2. Training the machine learning algorithm with training data including real temperature data from the aforementioned existing RTP tool. The method according to claim 1, further comprising:

3. The method according to claim 2, wherein the training includes at least 25 sets of different training data.

4. The method according to claim 1, wherein the plurality of ramp zones include up to 15 ramp zones.

5. The method according to claim 1, wherein the lamp configuration of the lamp model is different from the lamp configuration of the existing RTP tool.

6. The method according to claim 5, wherein the number of lamps in the lamp configuration of the lamp model is different from the number of lamps in the lamp configuration of the existing RTP tool.

7. The method according to claim 1, wherein the machine learning algorithm includes two or more hidden layers.

8. The method according to claim 1, wherein the irradiation graph includes data points for at least 15 different locations on the virtual substrate.

9. The method according to claim 1, wherein the given time in the process strategy is during a thermal soak.

10. The method according to claim 1, wherein the given time in the process strategy is in the heat lamp.

11. The method according to claim 1, wherein the temperature across the virtual board matches the set of training data.

12. On the computer, Developing a ramp model for an RTP tool, wherein the ramp model includes multiple ramp zones. Calculating irradiance graphs for the aforementioned multiple lamp zones, The irradiance values ​​of the multiple lamp zones in the irradiance graph are multiplied by the power of the existing RTP tool at a given time in the process strategy. To form the irradiation graph of the lamp model, the multiplied irradiance values ​​for the plurality of lamp zones are summed, The aforementioned irradiation graph is used as input to a machine learning algorithm, The machine learning algorithm outputs the temperature across the virtual board. A non-temporary computer-readable medium containing program instructions for performing a method including [a specific method].

13. Training the machine learning algorithm with training data including real temperature data from the aforementioned existing RTP tool.

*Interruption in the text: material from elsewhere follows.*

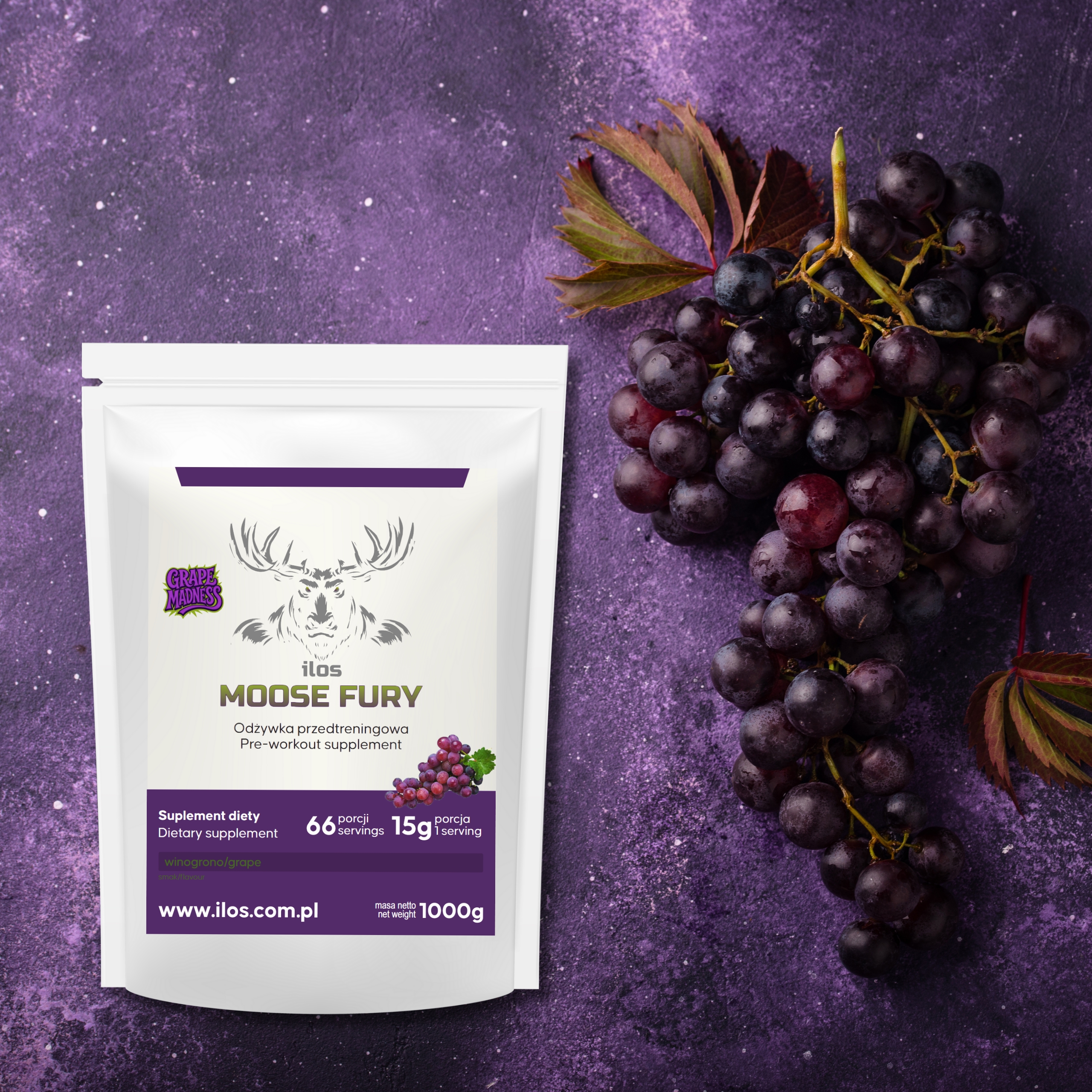 Moose Fury pre-workout smak winogrono

A non-temporary computer-readable medium according to claim 12, further comprising:

14. The non-temporary computer-readable medium according to claim 13, wherein the training comprises at least 25 sets of different training data.

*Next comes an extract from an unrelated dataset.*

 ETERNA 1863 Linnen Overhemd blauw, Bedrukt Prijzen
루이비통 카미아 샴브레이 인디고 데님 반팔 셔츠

15. The non-temporary computer-readable medium according to claim 12, wherein the plurality of lamp zones include up to 15 lamp zones.

16. The non-temporary computer-readable medium according to claim 12, wherein the lamp configuration of the lamp model differs from the lamp configuration of the existing RTP tool.

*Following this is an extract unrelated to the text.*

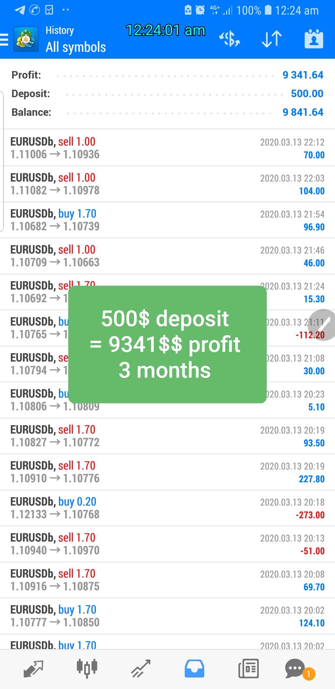 查看翻译 500$ deposit profit 3837$ in 2 months 风险提示:本文所述仅代表作者个人观点,不代表 Followme 的官方立场。Followme 不对内容的准确性、完整性或可靠性作出任何保证,对于基于该内容所采取的任何行为,不承担任何责任,除非另有书面明确说明。

17. The non-temporary computer-readable medium according to claim 16, wherein the number of lamps in the lamp configuration of the lamp model is different from the number of lamps in the lamp configuration of the existing RTP tool.

18. The method according to claim 1, wherein the given time in the process strategy is during a thermal soak and / or during a thermal lamp.

19. A method for modeling rapid heat treatment (RTP) tools, Training a machine learning algorithm with training data that includes real temperature data from existing RTP tools, To develop a ramp model for an RTP tool, wherein the ramp model includes multiple ramp zones, and the number of ramps in the ramp model is different from the number of ramps in the existing RTP tool. Calculating irradiance graphs for the aforementioned multiple lamp zones, Multiplying the irradiance values ​​of the multiple lamp zones in the irradiance graph by the power of the existing RTP tool at a given time in the process strategy, To form the irradiation graph of the lamp model, the multiplied irradiance values ​​for the plurality of lamp zones are summed, The irradiation graph is used as input to the machine learning algorithm, The machine learning algorithm outputs the temperature across the virtual board. Methods that include...

20. The method according to claim 19, wherein the given time in the process strategy is during a thermal soak and / or thermal lamp.